*Assigned task*.
Start at the line below containing "三正地產積極相應國家政策,在" and stop at the line containing "원희룡 예비후보가 18일 기자실을 찾아 간담회를 갖고 있다.". Repeat every line of that stretch exactly, and nothing outside it.

*Records for the exercise*.
───

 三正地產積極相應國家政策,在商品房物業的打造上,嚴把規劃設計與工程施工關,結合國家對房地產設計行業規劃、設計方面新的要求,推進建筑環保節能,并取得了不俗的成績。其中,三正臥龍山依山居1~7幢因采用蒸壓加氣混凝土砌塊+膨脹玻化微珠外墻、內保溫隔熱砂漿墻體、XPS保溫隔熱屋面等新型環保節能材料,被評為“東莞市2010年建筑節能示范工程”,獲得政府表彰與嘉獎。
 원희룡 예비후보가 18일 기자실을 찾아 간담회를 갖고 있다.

───

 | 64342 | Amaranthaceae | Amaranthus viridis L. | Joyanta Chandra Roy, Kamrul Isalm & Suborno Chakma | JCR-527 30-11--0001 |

───

*Response to this task*.
 三正地產積極相應國家政策,在商品房物業的打造上,嚴把規劃設計與工程施工關,結合國家對房地產設計行業規劃、設計方面新的要求,推進建筑環保節能,并取得了不俗的成績。其中,三正臥龍山依山居1~7幢因采用蒸壓加氣混凝土砌塊+膨脹玻化微珠外墻、內保溫隔熱砂漿墻體、XPS保溫隔熱屋面等新型環保節能材料,被評為“東莞市2010年建筑節能示范工程”,獲得政府表彰與嘉獎。
 원희룡 예비후보가 18일 기자실을 찾아 간담회를 갖고 있다.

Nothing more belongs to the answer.